If you want to turn anything really large, take very light cuts. It's fairly easy to stall that thing.

And you are right, not many parts available for it. I used to change the headstock assembly on them rather frequently years ago. The replacements were the mechanical(reeves) drive, not the electronic speed control. Mine however is still original.

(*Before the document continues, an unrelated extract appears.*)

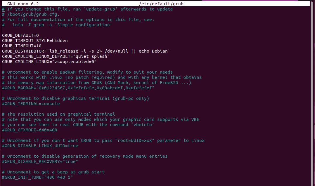 `sudo nano /etc/default/grub

Hope it works well for you


----------



## jw2170 (Jan 24, 2008)

A money pit is right.....VBG.

I hear that it costs 10 more for the utensils than it does for the stove.....


----------



## PRDarnell (Mar 21, 2012)

Bill, 

I found a discussion of that Sears/ Colovos Co. lathe at:
Craftsman variable speed wood lathe model # 351.217170 - by Zodosh @ LumberJocks.com ~ woodworking community

Paul


----------



## TwoSkies57 (Feb 23, 2009)

Dmeadows said:


> Hi, Bill. I have one of those lathes. It's worked reasonably well. I'd sell it, but it would end up costing a lot more than I would get out of it, to buy another lathe. The indexing wheel really doesn't work to well. I need to drill all the holes out a couple/few thousandths. By the way, you need 2 of those 38mm wrenches. Don't know if have one or none!
> 
> If you want to turn anything really large, take very light cuts. It's fairly easy to stall that thing.
> 
> ...


Hi Duane... Thanks for the heads up on the indexing wheel. For now, I'm not too worried about the thing, it was just 'missing'.. that and one of the wrench's'. So far, she seems to run just fine. I really have nothing to compare it with, but for what I've attempted so far, I've had good fortune. The biggest obstacle thus far has been the chisels I'm using. I picked up a set from Pennstate Ind. Not a great set, but good enough I suppose. Out of the box, the edge on each one is crap. I"m somewhat surprised by this. I expected to have to do some honing, but gheezzz these things need some serious attention. While at a Rockler store last Friday, I picked up a carbide tipped round. Holly smokes, what a difference! 
I"m not really expecting any great things out of this unit, just needed something to turn a couple legs for my rocker and I wanted something to play with to see if turning would be something I'd like to get more involved with. I've gotten several requests for tables with turned legs/spindles so for now, This lathe should fit the bill if she holds up.


----------



## TwoSkies57 (Feb 23, 2009)

PRDarnell said:


> Bill,
> 
> I found a discussion of that Sears/ Colovos Co. lathe at:
> Craftsman variable speed wood lathe model # 351.217170 - by Zodosh @ LumberJocks.com ~ woodworking community
> ...


Thank ya Paul... 

I came across that thread "after" having bought the lathe. In fact, I ran across several threads of similar content after having bought the lathe *L*. No so sure I would have picked it up would I have read all of the reviews first. Usually I'm damn near anal about doing my homework, but this popped up on Craigs List and I jumped on it. I will admit however, for the limited amount of use I've given it thus far, I can't complain in the least. There is indeed a certain amount of instant gratification when playing on a lathe...


----------



## Knothead47 (Feb 10, 2010)

> ...Most of the parts for this lathe are NLA via Sears PartsDirect..


If you knew who made it for Sears, you might be able to get some parts. Sears always changes a few things from the OEM product so all parts don't interchange.:'(


----------



## TwoSkies57 (Feb 23, 2009)

Knothead47 said:


> If you knew who made it for Sears, you might be able to get some parts. Sears always changes a few things from the OEM product so all parts don't interchange.:'(


John..

I looked up the Mfg. and found the lathe was contracted out to Sears by a company known as Colovos out of Ill. Tried to dig a little deeper and from what I could gather (and I may be wrong here....)) it appears the lathe was made in Taiwan. I didn't come across any data that woud have told me of any other similar lathes under a different branding. 

Alot of the woodworking forums have at one point had a thread or two on this unit...the bottom line when it comes to repair parts :dance3:Lots of luck:dance3:

Fortunately, at this point I seem to have one that will at least get me thru the rocker project... and with a little luck, enough play time to determine if I want to invest in a better unit.


----------



## Knothead47 (Feb 10, 2010)

It would be highly unlikely you would find who they made lathes for in the past. Sears, as a rule, keeps major parts for 7-10 year usage.


----------



## TwoSkies57 (Feb 23, 2009)

The lathe dates back to somewhere around 99-00. 

I guess the good news would be that I managed to get the front legs for the rocker project turned without any problems. The lathe performed well. Not having any experience with a lathe prior to this, I can only assume the lathe performed well *L* Even better news is that the now turned legs for the rocker don't have to be spot on because of shaping to be done later in the project. 

ahhhhhhhhhh life is good


----------